> _WHAT YOU HAVE TO DO_: Write out the data below in full, unchanged, minus the images.

> _DATA_:
* * *
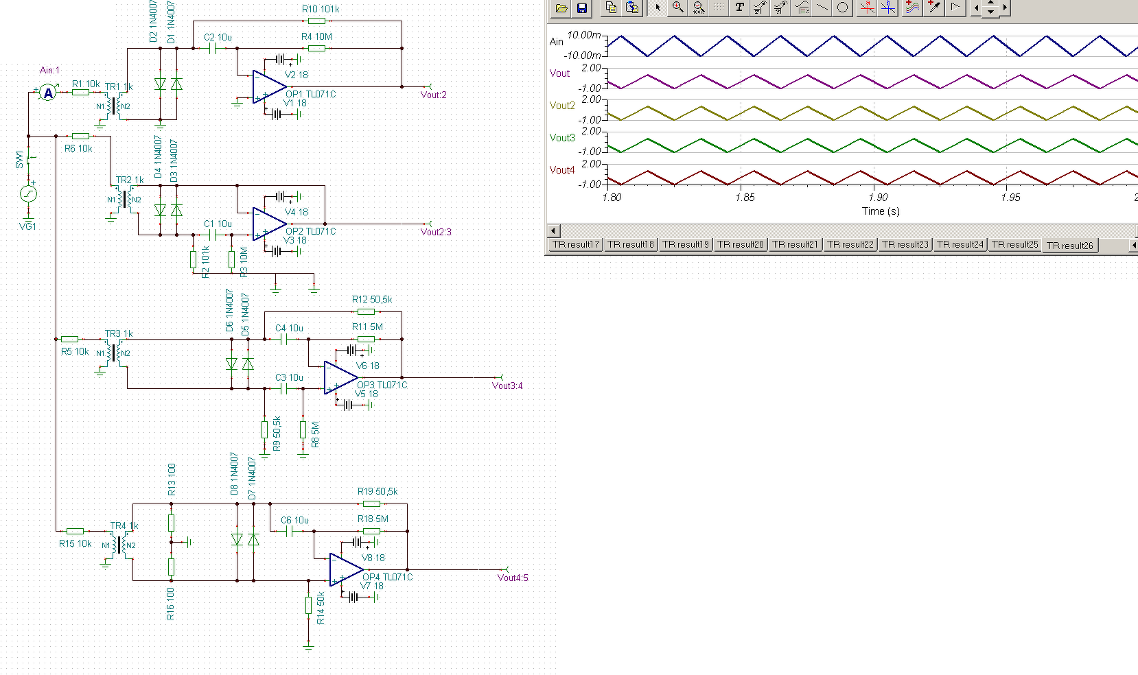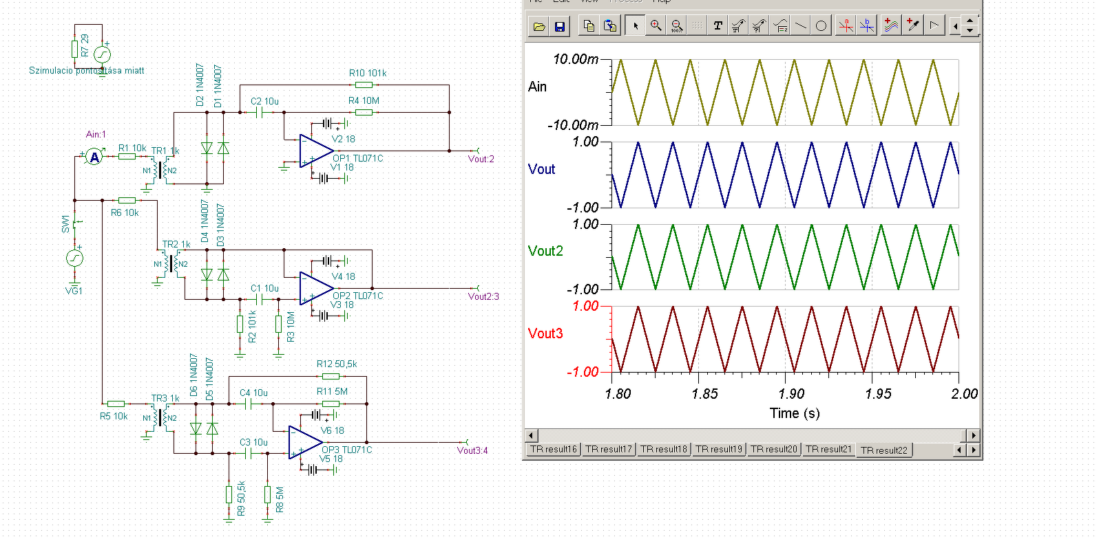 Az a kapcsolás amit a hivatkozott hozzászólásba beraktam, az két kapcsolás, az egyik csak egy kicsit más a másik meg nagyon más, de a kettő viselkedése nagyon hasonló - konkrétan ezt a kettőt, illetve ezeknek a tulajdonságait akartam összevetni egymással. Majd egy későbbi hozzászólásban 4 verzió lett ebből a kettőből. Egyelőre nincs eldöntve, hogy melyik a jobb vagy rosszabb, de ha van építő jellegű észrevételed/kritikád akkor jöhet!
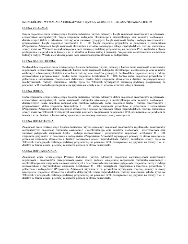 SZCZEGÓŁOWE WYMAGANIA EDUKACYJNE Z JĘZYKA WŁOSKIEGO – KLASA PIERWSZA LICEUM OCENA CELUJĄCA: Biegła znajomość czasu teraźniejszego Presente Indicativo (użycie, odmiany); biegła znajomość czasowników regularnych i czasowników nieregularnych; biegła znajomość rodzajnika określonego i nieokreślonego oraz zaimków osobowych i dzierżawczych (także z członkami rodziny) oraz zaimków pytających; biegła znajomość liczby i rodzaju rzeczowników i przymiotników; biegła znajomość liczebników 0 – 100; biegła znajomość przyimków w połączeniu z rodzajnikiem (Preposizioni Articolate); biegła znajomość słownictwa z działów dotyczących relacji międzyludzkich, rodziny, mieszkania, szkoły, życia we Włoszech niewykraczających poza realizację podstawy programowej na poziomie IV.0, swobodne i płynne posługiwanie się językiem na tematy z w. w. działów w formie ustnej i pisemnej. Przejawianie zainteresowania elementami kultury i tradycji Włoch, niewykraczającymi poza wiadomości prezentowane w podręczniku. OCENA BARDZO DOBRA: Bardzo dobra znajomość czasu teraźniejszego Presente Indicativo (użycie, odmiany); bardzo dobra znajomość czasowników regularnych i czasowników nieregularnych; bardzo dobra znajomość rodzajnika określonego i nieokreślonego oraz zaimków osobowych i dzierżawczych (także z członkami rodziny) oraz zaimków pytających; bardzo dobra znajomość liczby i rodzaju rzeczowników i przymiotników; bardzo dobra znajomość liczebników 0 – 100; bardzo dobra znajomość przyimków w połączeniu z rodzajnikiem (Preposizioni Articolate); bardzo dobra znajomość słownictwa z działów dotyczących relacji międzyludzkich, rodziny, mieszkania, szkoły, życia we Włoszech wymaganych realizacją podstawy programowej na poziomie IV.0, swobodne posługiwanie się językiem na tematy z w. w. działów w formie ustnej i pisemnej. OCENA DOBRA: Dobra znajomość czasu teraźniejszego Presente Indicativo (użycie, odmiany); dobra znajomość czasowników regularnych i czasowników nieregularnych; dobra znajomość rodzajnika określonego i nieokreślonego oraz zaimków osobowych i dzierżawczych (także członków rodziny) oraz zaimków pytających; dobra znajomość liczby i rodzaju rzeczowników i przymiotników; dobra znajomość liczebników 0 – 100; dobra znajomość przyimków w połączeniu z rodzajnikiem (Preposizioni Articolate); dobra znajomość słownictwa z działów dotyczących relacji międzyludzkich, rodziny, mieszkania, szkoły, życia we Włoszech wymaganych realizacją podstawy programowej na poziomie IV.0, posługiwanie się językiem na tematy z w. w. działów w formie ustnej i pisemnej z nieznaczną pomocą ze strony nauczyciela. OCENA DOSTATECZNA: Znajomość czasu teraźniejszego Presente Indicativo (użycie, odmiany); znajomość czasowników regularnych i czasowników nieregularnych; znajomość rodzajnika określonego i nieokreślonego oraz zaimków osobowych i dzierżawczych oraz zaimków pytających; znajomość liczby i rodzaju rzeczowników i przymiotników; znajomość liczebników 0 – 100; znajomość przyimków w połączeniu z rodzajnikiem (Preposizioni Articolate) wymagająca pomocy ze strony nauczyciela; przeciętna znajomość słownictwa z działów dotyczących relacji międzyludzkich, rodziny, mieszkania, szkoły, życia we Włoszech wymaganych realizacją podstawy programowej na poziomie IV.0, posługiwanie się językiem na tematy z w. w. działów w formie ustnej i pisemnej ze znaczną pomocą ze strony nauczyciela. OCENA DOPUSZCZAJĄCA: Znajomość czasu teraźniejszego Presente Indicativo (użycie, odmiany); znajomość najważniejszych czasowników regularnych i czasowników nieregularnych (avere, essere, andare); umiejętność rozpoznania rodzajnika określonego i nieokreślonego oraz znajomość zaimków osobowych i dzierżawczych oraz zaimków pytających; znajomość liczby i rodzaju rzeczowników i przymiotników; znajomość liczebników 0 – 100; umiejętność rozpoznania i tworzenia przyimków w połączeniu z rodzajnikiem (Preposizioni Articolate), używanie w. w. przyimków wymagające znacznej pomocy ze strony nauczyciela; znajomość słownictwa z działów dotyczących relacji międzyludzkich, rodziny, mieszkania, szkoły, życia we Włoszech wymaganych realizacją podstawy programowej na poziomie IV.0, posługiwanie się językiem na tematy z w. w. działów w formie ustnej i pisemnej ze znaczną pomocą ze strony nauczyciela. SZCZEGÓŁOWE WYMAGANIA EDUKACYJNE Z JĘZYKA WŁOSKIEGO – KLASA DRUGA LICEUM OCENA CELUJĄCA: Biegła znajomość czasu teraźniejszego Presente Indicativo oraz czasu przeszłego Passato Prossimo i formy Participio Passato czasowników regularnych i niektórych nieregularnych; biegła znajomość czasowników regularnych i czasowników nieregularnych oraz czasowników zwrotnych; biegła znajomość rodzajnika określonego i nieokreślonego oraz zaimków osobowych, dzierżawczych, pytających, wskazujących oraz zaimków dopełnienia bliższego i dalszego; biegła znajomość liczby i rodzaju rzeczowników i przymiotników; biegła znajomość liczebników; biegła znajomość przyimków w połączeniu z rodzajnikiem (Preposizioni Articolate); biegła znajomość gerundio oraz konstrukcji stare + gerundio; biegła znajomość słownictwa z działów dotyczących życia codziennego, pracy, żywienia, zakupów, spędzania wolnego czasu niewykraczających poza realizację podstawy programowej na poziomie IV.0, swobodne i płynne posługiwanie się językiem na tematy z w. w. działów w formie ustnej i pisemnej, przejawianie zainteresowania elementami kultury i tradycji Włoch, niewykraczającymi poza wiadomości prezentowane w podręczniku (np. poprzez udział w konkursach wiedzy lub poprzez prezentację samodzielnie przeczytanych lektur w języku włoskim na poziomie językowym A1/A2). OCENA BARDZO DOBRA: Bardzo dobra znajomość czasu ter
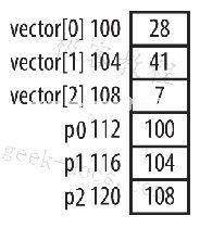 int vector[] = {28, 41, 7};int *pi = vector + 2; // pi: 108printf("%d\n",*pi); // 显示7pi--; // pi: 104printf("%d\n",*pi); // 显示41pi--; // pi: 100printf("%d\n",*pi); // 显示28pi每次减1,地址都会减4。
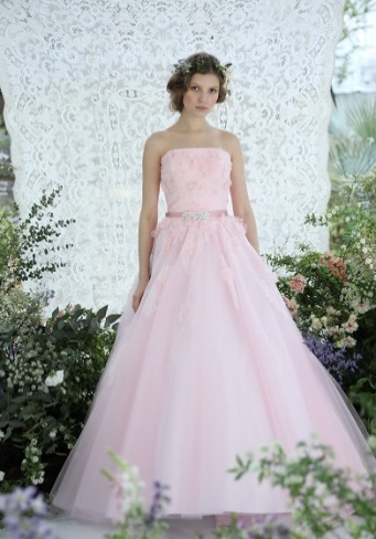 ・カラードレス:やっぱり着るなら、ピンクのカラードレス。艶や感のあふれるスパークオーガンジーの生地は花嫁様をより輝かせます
* * *
> _PROBLEM SOLUTION_:
 Az a kapcsolás amit a hivatkozott hozzászólásba beraktam, az két kapcsolás, az egyik csak egy kicsit más a másik meg nagyon más, de a kettő viselkedése nagyon hasonló - konkrétan ezt a kettőt, illetve ezeknek a tulajdonságait akartam összevetni egymással. Majd egy későbbi hozzászólásban 4 verzió lett ebből a kettőből. Egyelőre nincs eldöntve, hogy melyik a jobb vagy rosszabb, de ha van építő jellegű észrevételed/kritikád akkor jöhet!
 SZCZEGÓŁOWE WYMAGANIA EDUKACYJNE Z JĘZYKA WŁOSKIEGO – KLASA PIERWSZA LICEUM OCENA CELUJĄCA: Biegła znajomość czasu teraźniejszego Presente Indicativo (użycie, odmiany); biegła znajomość czasowników regularnych i czasowników nieregularnych; biegła znajomość rodzajnika określonego i nieokreślonego oraz zaimków osobowych i dzierżawczych (także z członkami rodziny) oraz zaimków pytających; biegła znajomość liczby i rodzaju rzeczowników i przymiotników; biegła znajomość liczebników 0 – 100; biegła znajomość przyimków w połączeniu z rodzajnikiem (Preposizioni Articolate); biegła znajomość słownictwa z działów dotyczących relacji międzyludzkich, rodziny, mieszkania, szkoły, życia we Włoszech niewykraczających poza realizację podstawy programowej na poziomie IV.0, swobodne i płynne posługiwanie się językiem na tematy z w. w. działów w formie ustnej i pisemnej. Przejawianie zainteresowania elementami kultury i tradycji Włoch, niewykraczającymi poza wiadomości prezentowane w podręczniku. OCENA BARDZO DOBRA: Bardzo dobra znajomość czasu teraźniejszego Presente Indicativo (użycie, odmiany); bardzo dobra znajomość czasowników regularnych i czasowników nieregularnych; bardzo dobra znajomość rodzajnika określonego i nieokreślonego oraz zaimków osobowych i dzierżawczych (także z członkami rodziny) oraz zaimków pytających; bardzo dobra znajomość liczby i rodzaju rzeczowników i przymiotników; bardzo dobra znajomość liczebników 0 – 100; bardzo dobra znajomość przyimków w połączeniu z rodzajnikiem (Preposizioni Articolate); bardzo dobra znajomość słownictwa z działów dotyczących relacji międzyludzkich, rodziny, mieszkania, szkoły, życia we Włoszech wymaganych realizacją podstawy programowej na poziomie IV.0, swobodne posługiwanie się językiem na tematy z w. w. działów w formie ustnej i pisemnej. OCENA DOBRA: Dobra znajomość czasu teraźniejszego Presente Indicativo (użycie, odmiany); dobra znajomość czasowników regularnych i czasowników nieregularnych; dobra znajomość rodzajnika określonego i nieokreślonego oraz zaimków osobowych i dzierżawczych (także członków rodziny) oraz zaimków pytających; dobra znajomość liczby i rodzaju rzeczowników i przymiotników; dobra znajomość liczebników 0 – 100; dobra znajomość przyimków w połączeniu z rodzajnikiem (Preposizioni Articolate); dobra znajomość słownictwa z działów dotyczących relacji międzyludzkich, rodziny, mieszkania, szkoły, życia we Włoszech wymaganych realizacją podstawy programowej na poziomie IV.0, posługiwanie się językiem na tematy z w. w. działów w formie ustnej i pisemnej z nieznaczną pomocą ze strony nauczyciela. OCENA DOSTATECZNA: Znajomość czasu teraźniejszego Presente Indicativo (użycie, odmiany); znajomość czasowników regularnych i czasowników nieregularnych; znajomość rodzajnika określonego i nieokreślonego oraz zaimków osobowych i dzierżawczych oraz zaimków pytających; znajomość liczby i rodzaju rzeczowników i przymiotników; znajomość liczebników 0 – 100; znajomość przyimków w połączeniu z rodzajnikiem (Preposizioni Articolate) wymagająca pomocy ze strony nauczyciela; przeciętna znajomość słownictwa z działów dotyczących relacji międzyludzkich, rodziny, mieszkania, szkoły, życia we Włoszech wymaganych realizacją podstawy programowej na poziomie IV.0, posługiwanie się językiem na tematy z w. w. działów w formie ustnej i pisemnej ze znaczną pomocą ze strony nauczyciela. OCENA DOPUSZCZAJĄCA: Znajomość czasu teraźniejszego Presente Indicativo (użycie, odmiany); znajomość najważniejszych czasowników regularnych i czasowników nieregularnych (avere, essere, andare); umiejętność rozpoznania rodzajnika określonego i nieokreślonego oraz znajomość zaimków osobowych i dzierżawczych oraz zaimków pytających; znajomość liczby i rodzaju rzeczowników i przymiotników; znajomość liczebników 0 – 100; umiejętność rozpoznania i tworzenia przyimków w połączeniu z rodzajnikiem (Preposizioni Articolate), używanie w. w. przyimków wymagające znacznej pomocy ze strony nauczyciela; znajomość słownictwa z działów dotyczących relacji międzyludzkich, rodziny, mieszkania, szkoły, życia we Włoszech wymaganych realizacją podstawy programowej na poziomie IV.0, posługiwanie się językiem na tematy z w. w. działów w formie ustnej i pisemnej ze znaczną pomocą ze strony nauczyciela. SZCZEGÓŁOWE WYMAGANIA EDUKACYJNE Z JĘZYKA WŁOSKIEGO – KLASA DRUGA LICEUM OCENA CELUJĄCA: Biegła znajomość czasu teraźniejszego Presente Indicativo oraz czasu przeszłego Passato Prossimo i formy Participio Passato czasowników regularnych i niektórych nieregularnych; biegła znajomość czasowników regularnych i czasowników nieregularnych oraz czasowników zwrotnych; biegła znajomość rodzajnika określonego i nieokreślonego oraz zaimków osobowych, dzierżawczych, pytających, wskazujących oraz zaimków dopełnienia bliższego i dalszego; biegła znajomość liczby i rodzaju rzeczowników i przymiotników; biegła znajomość liczebników; biegła znajomość przyimków w połączeniu z rodzajnikiem (Preposizioni Articolate); biegła znajomość gerundio oraz konstrukcji stare + gerundio; biegła znajomość słownictwa z działów dotyczących życia codziennego, pracy, żywienia, zakupów, spędzania wolnego czasu niewykraczających poza realizację podstawy programowej na poziomie IV.0, swobodne i płynne posługiwanie się językiem na tematy z w. w. działów w formie ustnej i pisemnej, przejawianie zainteresowania elementami kultury i tradycji Włoch, niewykraczającymi poza wiadomości prezentowane w podręczniku (np. poprzez udział w konkursach wiedzy lub poprzez prezentację samodzielnie przeczytanych lektur w języku włoskim na poziomie językowym A1/A2). OCENA BARDZO DOBRA: Bardzo dobra znajomość czasu ter
 int vector[] = {28, 41, 7};int *pi = vector + 2; // pi: 108printf("%d\n",*pi); // 显示7pi--; // pi: 104printf("%d\n",*pi); // 显示41pi--; // pi: 100printf("%d\n",*pi); // 显示28pi每次减1,地址都会减4。
 ・カラードレス:やっぱり着るなら、ピンクのカラードレス。艶や感のあふれるスパークオーガンジーの生地は花嫁様をより輝かせます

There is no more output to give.